§ **INFORMATION PROVIDED**:
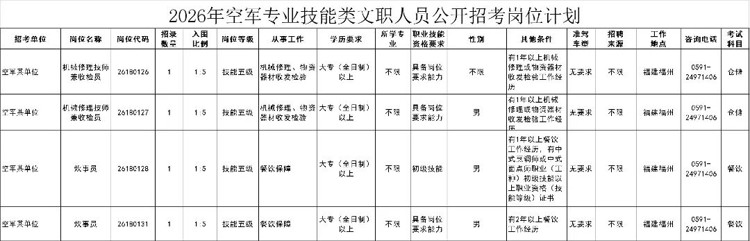 今起报名,福建有岗!军队文职公开招考→
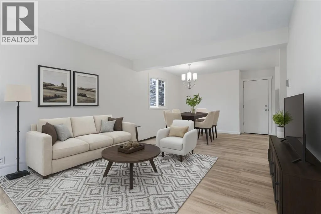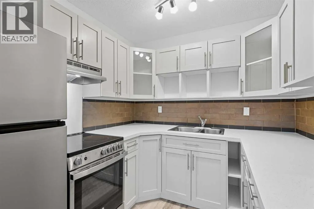 Step inside this beautifully updated corner unit condo and experience a home that balances style, function, and warmth. The open concept living and dining area sets the tone, with bright natural light pouring in through large windows and neutral tones that create a fresh, welcoming atmosphere. The kitchen is a true highlight, showcasing white cabinetry with elegant glass inserts that combine timeless style with everyday functionality. The bathroom has also been upgraded with a new vanity and a stylish tile surround, bringing a fresh, modern feel to this private retreat. The living room is spacious and inviting, perfect for relaxing or entertaining. The dining space sits under a contemporary chandelier, giving the area a polished, modern touch. This condo features two generously sized bedrooms, each designed with comfort in mind. Large windows fill the spaces with natural light, providing calming views of the treed courtyard. Whether you need restful retreats, guest accommodations, or a dedicated home office, these rooms offer the flexibility you need. Recent upgrades throughout include new flooring, lighting, and modern finishes, making this condo truly move-in ready. Prime location close to schools, shopping, dining & transit. Perfect for first-time buyers, downsizers, or investors. This is your chance to own a home that combines modern comfort with everyday convenience. Donât wait, book your private showing today and see for yourself! (id:27476)
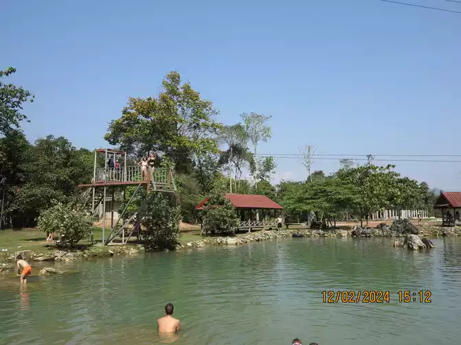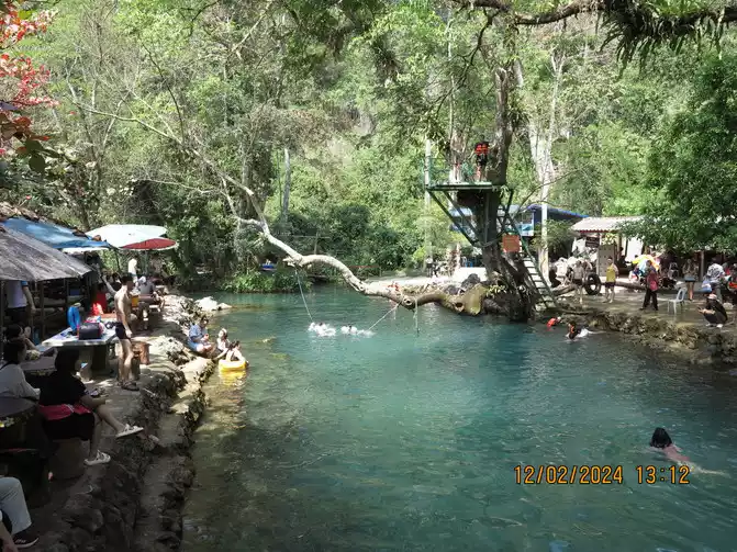 Entering the scenic area, we first visited the bear sanctuary. The vegetation was lush, and there didn't feel any particular protection. We soon reached the pool below the waterfall, a multi-tiered, beautifully clear pool. I had initially assumed foreign waterfalls were just like that, just a check-in. After all, we'd seen the karst landforms of Guizhou and Guangxi. I didn't expect this waterfall and the pool below to be so beautiful. It felt a bit like Huanglong, and the water quality was absolutely perfect. My mom was thrilled, and the surrounding rainforest was beautiful too. The pool is great for swimming, and the foreigners are quite unrestrained, diving and swimming, so I came prepared. The scenic area is fantastic for fun. We walked around and saw many people swimming in the three pools below. The waterfall isn't too big, but the drop is still pleasant.
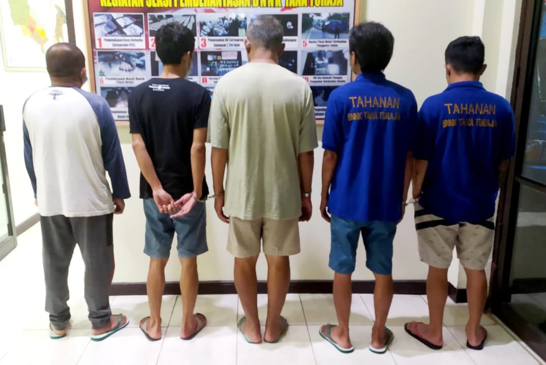 Lima pelaku Pengguna Narkotika diringkus Tim Badan Narkotika Nasional (BNN) Kabupaten Tana Toraja, Penangkapan berawal dari laporan masyarakat, bahwa di wilayah sekitar Lingkungan Batulelleng Kecamatan Rantepao, Kabupaten Toraja Utara sering terjadi penyalahgunaan narkotika.

§ **EXERCISE INSTRUCTIONS**:
Give again, word for word, the lines above from the first one through the one containing "Step inside this"; no pictures.

§ **ANSWER TO THIS TASK**:
 今起报名,福建有岗!军队文职公开招考→
 Step inside this beautifully updated corner unit condo and experience a home that balances style, function, and warmth. The open concept living and dining area sets the tone, with bright natural light pouring in through large windows and neutral tones that create a fresh, welcoming atmosphere. The kitchen is a true highlight, showcasing white cabinetry with elegant glass inserts that combine timeless style with everyday functionality. The bathroom has also been upgraded with a new vanity and a stylish tile surround, bringing a fresh, modern feel to this private retreat. The living room is spacious and inviting, perfect for relaxing or entertaining. The dining space sits under a contemporary chandelier, giving the area a polished, modern touch. This condo features two generously sized bedrooms, each designed with comfort in mind. Large windows fill the spaces with natural light, providing calming views of the treed courtyard. Whether you need restful retreats, guest accommodations, or a dedicated home office, these rooms offer the flexibility you need. Recent upgrades throughout include new flooring, lighting, and modern finishes, making this condo truly move-in ready. Prime location close to schools, shopping, dining & transit. Perfect for first-time buyers, downsizers, or investors. This is your chance to own a home that combines modern comfort with everyday convenience. Donât wait, book your private showing today and see for yourself! (id:27476)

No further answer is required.